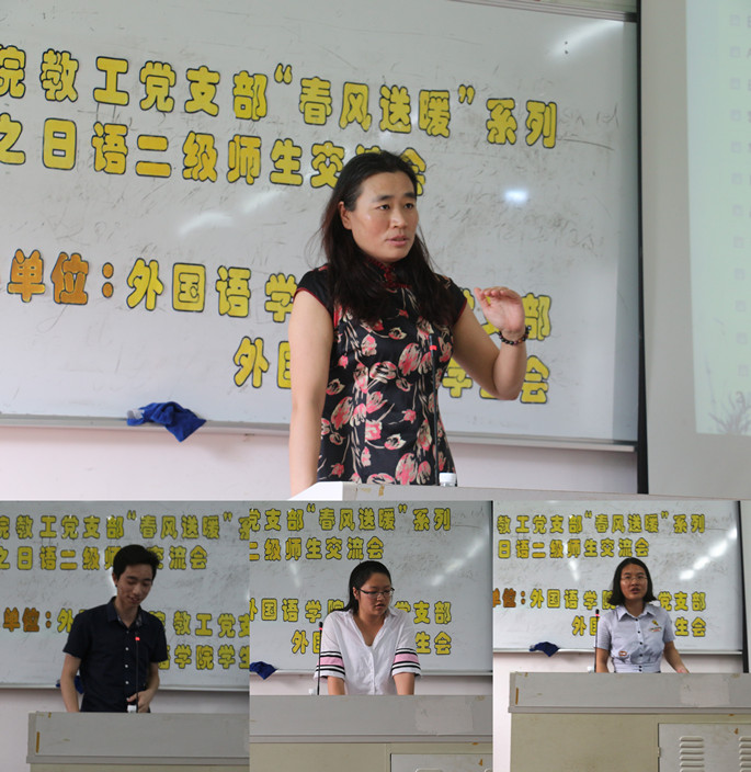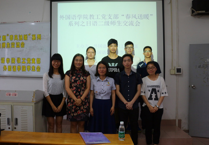 由beat365平台官方网站教工党支部学生会主办的 “春风送暖”系列活动之日语二级师生交流会” 于5月26日16:30在B301拉开帷幕。本次交流会面向14级日语专业的同学展开,外语系邓亚晔老师、优秀学生讲师团成员林碧娟、陈颖怡和陈嘉辉莅临现场为同学们备考日语二级传经送宝。
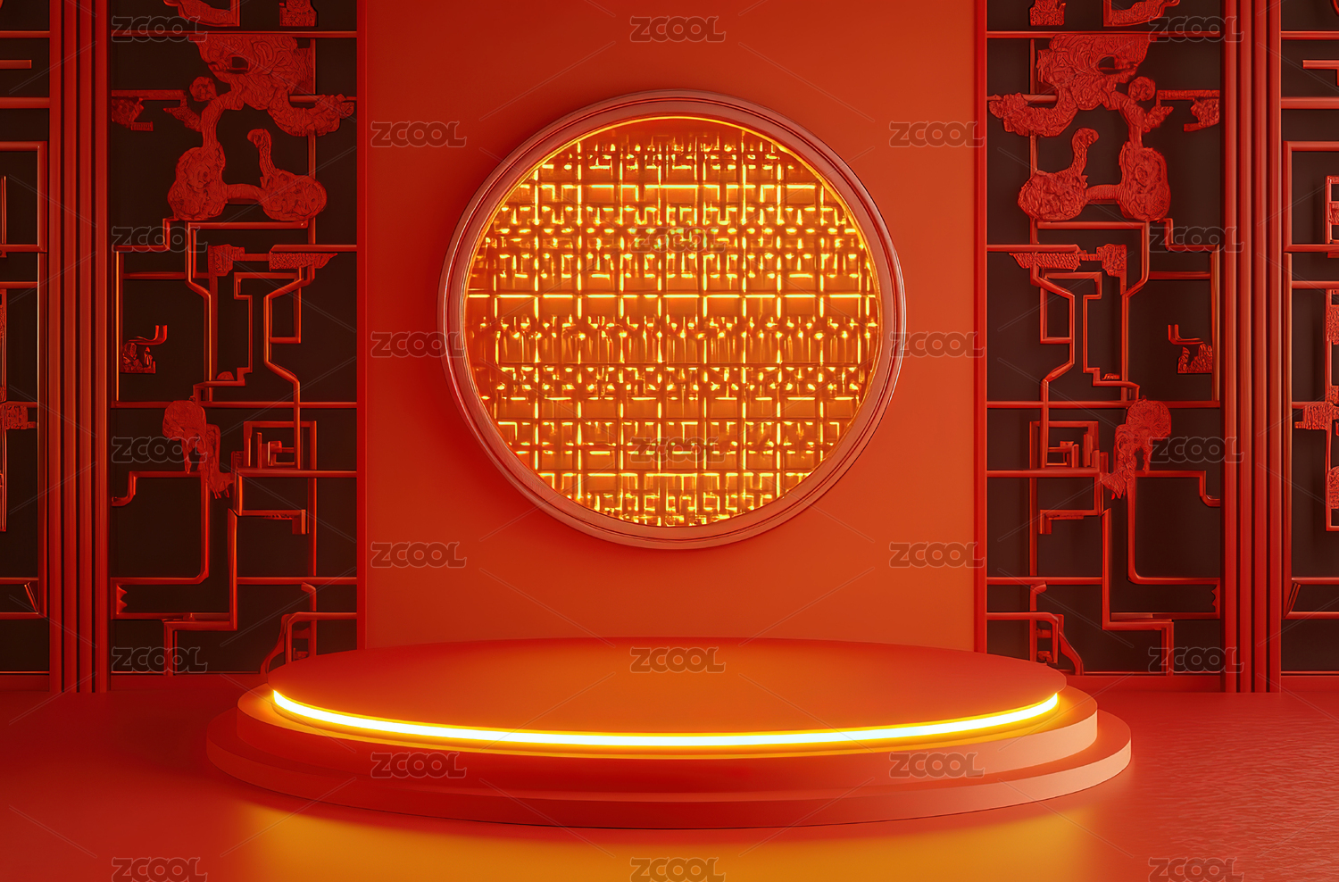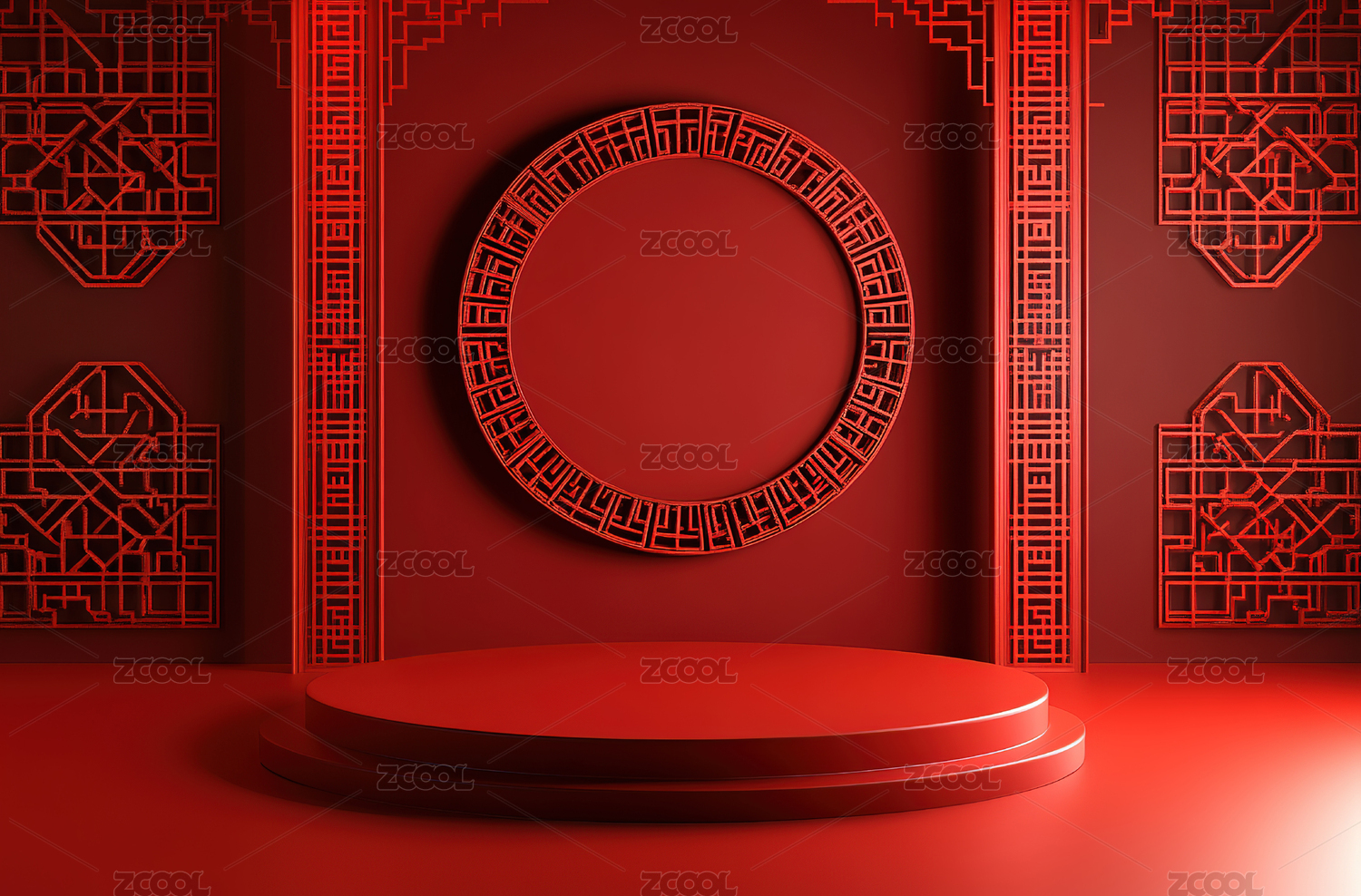 红色背景上的红色展台
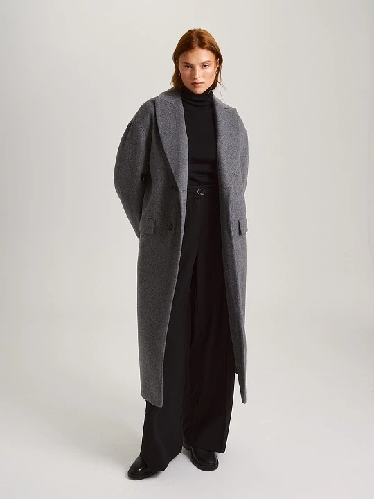 Утеплённое пальто полуприлегающего кроя сшито из мягкой шерстяной ткани, а потому оно хорошо сохраняет тепло, удобно сидит и мягко подчёркивает силуэт. Дополненное утеплителем, пальто прекрасно подойдет для осени и мягкой зимы.
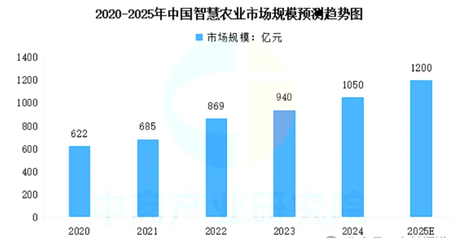 在全球智慧農(nóng)業(yè)市場的快速增長中,中國也扮演著重要角色。中國作為農(nóng)業(yè)大國,對智慧農(nóng)業(yè)技術(shù)的需求和應(yīng)用尤為迫切。政府和企業(yè)紛紛加大投入,推動智慧農(nóng)業(yè)技術(shù)的研發(fā)和應(yīng)用。【鄉(xiāng)村聞道】認(rèn)為智慧農(nóng)業(yè)市場規(guī)模連年增長,2024年中國智慧農(nóng)業(yè)市場規(guī)模超千億元,達(dá)到約1050億元,預(yù)計(jì)2025年將達(dá)到1200億元。
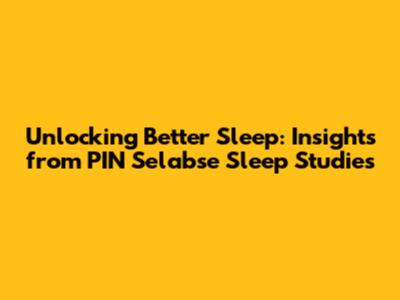 Unlocking Better Sleep: Insights From PIN Selabse Sleep Studies
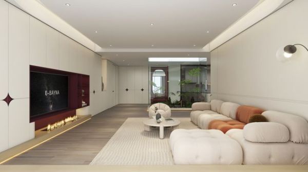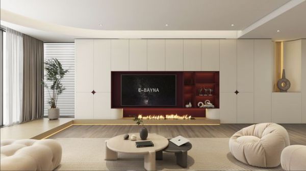 悬空电视柜撞色设计,搭配弧状拼接护墙板,保留奶油风温馨基调又增添几分和谐且富有层次感的视觉效果,让空间轻盈灵动。
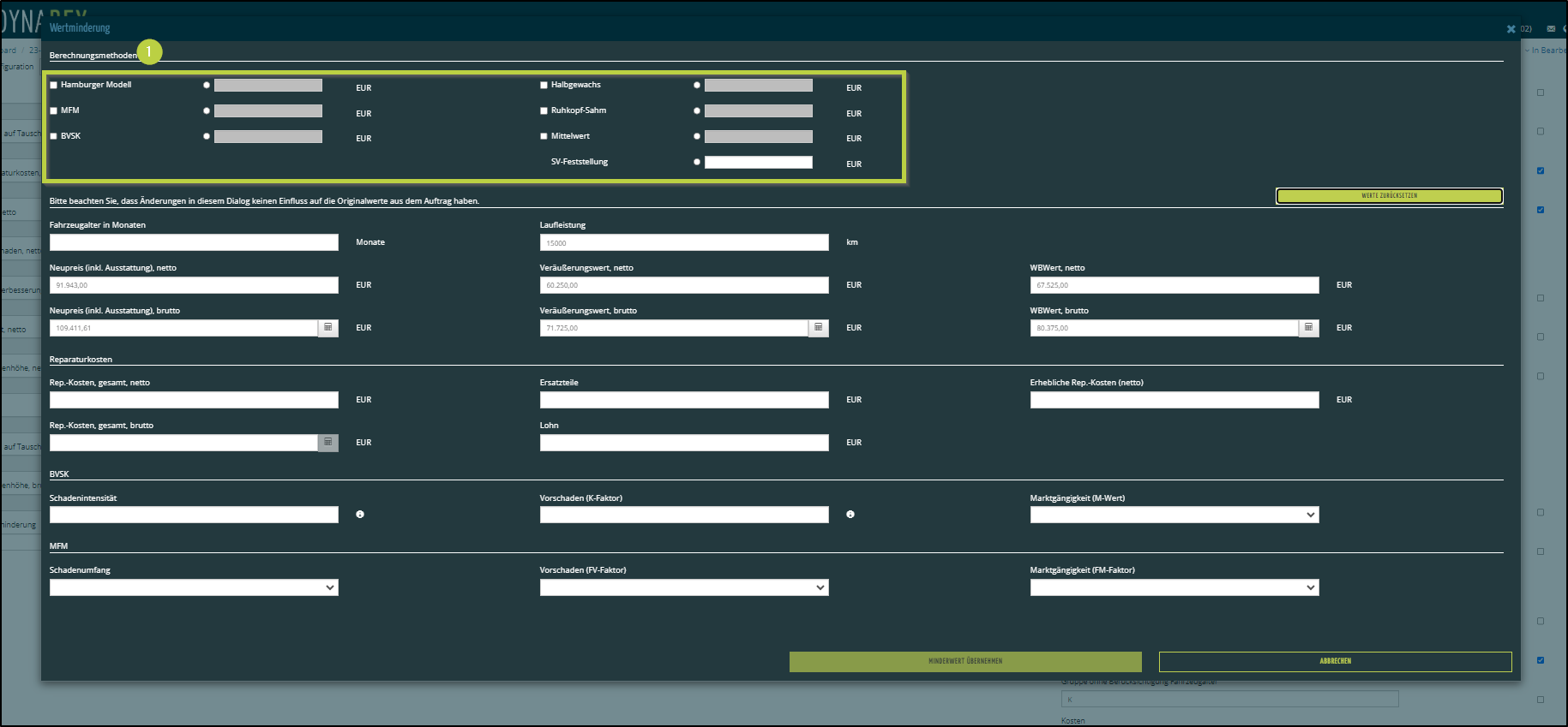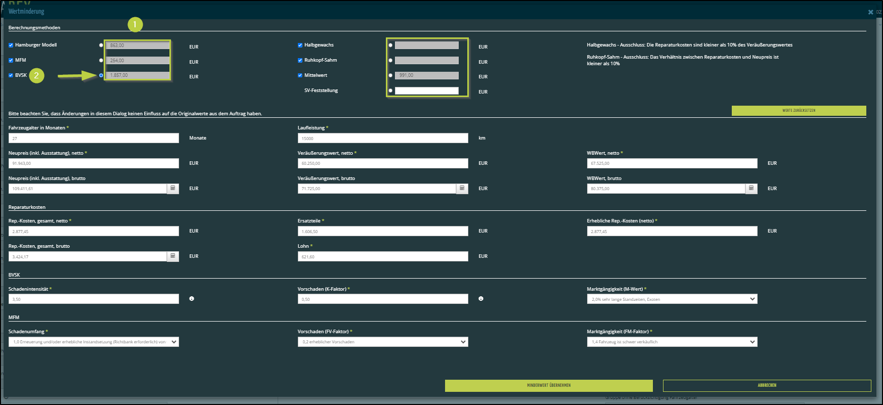 In dem Bereich Berechnungsmethoden (1) aktivieren Sie die gewünschten Methode(n), welche in die Berechnung des Minderwertes einbezogen werden sollen.
• • • •
§ Directions for this task:
Any picture in the data is to be skipped, while each line is returned exactly as written.

§ Problem solution:
 由beat365平台官方网站教工党支部学生会主办的 “春风送暖”系列活动之日语二级师生交流会” 于5月26日16:30在B301拉开帷幕。本次交流会面向14级日语专业的同学展开,外语系邓亚晔老师、优秀学生讲师团成员林碧娟、陈颖怡和陈嘉辉莅临现场为同学们备考日语二级传经送宝。
 红色背景上的红色展台
 Утеплённое пальто полуприлегающего кроя сшито из мягкой шерстяной ткани, а потому оно хорошо сохраняет тепло, удобно сидит и мягко подчёркивает силуэт. Дополненное утеплителем, пальто прекрасно подойдет для осени и мягкой зимы.
 在全球智慧農(nóng)業(yè)市場的快速增長中,中國也扮演著重要角色。中國作為農(nóng)業(yè)大國,對智慧農(nóng)業(yè)技術(shù)的需求和應(yīng)用尤為迫切。政府和企業(yè)紛紛加大投入,推動智慧農(nóng)業(yè)技術(shù)的研發(fā)和應(yīng)用。【鄉(xiāng)村聞道】認(rèn)為智慧農(nóng)業(yè)市場規(guī)模連年增長,2024年中國智慧農(nóng)業(yè)市場規(guī)模超千億元,達(dá)到約1050億元,預(yù)計(jì)2025年將達(dá)到1200億元。
 Unlocking Better Sleep: Insights From PIN Selabse Sleep Studies
 悬空电视柜撞色设计,搭配弧状拼接护墙板,保留奶油风温馨基调又增添几分和谐且富有层次感的视觉效果,让空间轻盈灵动。
 In dem Bereich Berechnungsmethoden (1) aktivieren Sie die gewünschten Methode(n), welche in die Berechnung des Minderwertes einbezogen werden sollen.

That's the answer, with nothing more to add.